The mechanism of BAM-assisted OMP folding

Outer membrane proteins (OMPs) mediate the survival and pathogenicity of Gram negative bacteria. The biogenesis of these proteins, however, presents problems as they must be transported to, inserted and folded correctly in the outer membrane in the absence of ATP. This problem is resolved by the β-barrel assembly machinery (BAM) complex: a ~203 kDa complex of five proteins (BamA-E) that enables the membrane insertion and folding of substrate OMPs on a physiological timescale. Despite available crystal structures, the mechanism of this vital protein complex remains poorly understood.

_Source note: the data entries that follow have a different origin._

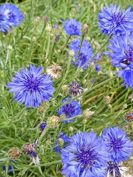 — Plante annuelle ou bisannuelle de 3-8 dm, d'un vert blanchâtre un peu cotonneuse, dressée, à rameaux grêles, allongés ; feuilles non décurrentes, les inférieures pennatipartites, pétiolées, les suivantes sessiles, étroites, linéaires ; involucre ovoïde à folioles entourées d'une marge fortement décurrente et de cils courts ordinairement argentés ; akènes à ombilic barbu surmontés d'une aigrette rousse égalant à peu près leur longueur ; fleurs bleues, les extérieures rayonnantes. Champs, moissons partout ; Corse. — Europe, Orient. = Mai-juillet.
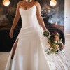Strapless fitted gown with snoop neckline and delicate tulle draping. Crafted from signature crepe, and includes a corset bodice, thigh-high slit, and sweeping train.
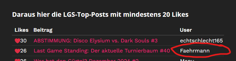 Die Community war und ist mein Superstar der ganzen Angelegenheit hier. Einige waren schon zu Urzeiten von LGS dabei, andere kamen zu Zeiten von WASTED herein. Heute sind zwar viele der User nicht mehr aktiv, aber die, die aktiv geblieben sind, eint der gemeinsame Weg – ich möchte fast auch sagen, Leidensweg.

In this thesis I use a variety of structural and biochemical tools to probe the nature of BAM-assisted OMP folding, particularly the role of BamA dynamics. Successful purification of the intact BAM complex in the detergent DDM allowed the first cryo-electron microscopy structure of the complex to be obtained, at a resolution of 4.9 Å. This reveals the intact BAM complex with BamA in a laterally-open conformation in which the first (β1) and last (β16) strands of the barrel are no longer hydrogen bonded.
In addition, biochemical assays provide the first in vitro evidence of the functional importance of BamA lateral gating in OMP folding. These assays demonstrate that in a reconstituted system utilising the BAM complex, inhibiting the lateral gating of BamA by incorporating new disulphide bonds diminishes the ability of BAM to assist substrate folding. This is shown with two different OMP substrates, tOmpA (the β-barrel domain of OmpA) and OmpT. In synthetic lipids, however, the presence of prefolded BamA is sufficient to aid substrate folding and inhibition of lateral gating by disulphide bonding in this case does not diminish the catalytic effect. The results indicate that BamA likely adopts different roles depending on substrate and lipid.
Furthermore, this thesis discusses preliminary experiments towards determining the significance of the β-signal: a conserved sequence found towards the C-terminus of OMPs hypothesised to be important for recognition by BamA. The results show that while some mutations may slow the protein’s intrinsic folding into the membrane they do not affect the apparent BamA-catalysed folding rate. However, other single amino-acid substitutions appear to incur a large energetic penalty, rendering the protein incapable of adopting its stable β-barrel structure. Combined, the data allow us to begin dissecting the mechanism of BAM-assisted folding of OMPs, particularly the role of BamA in passive membrane destabilization or active lateral opening.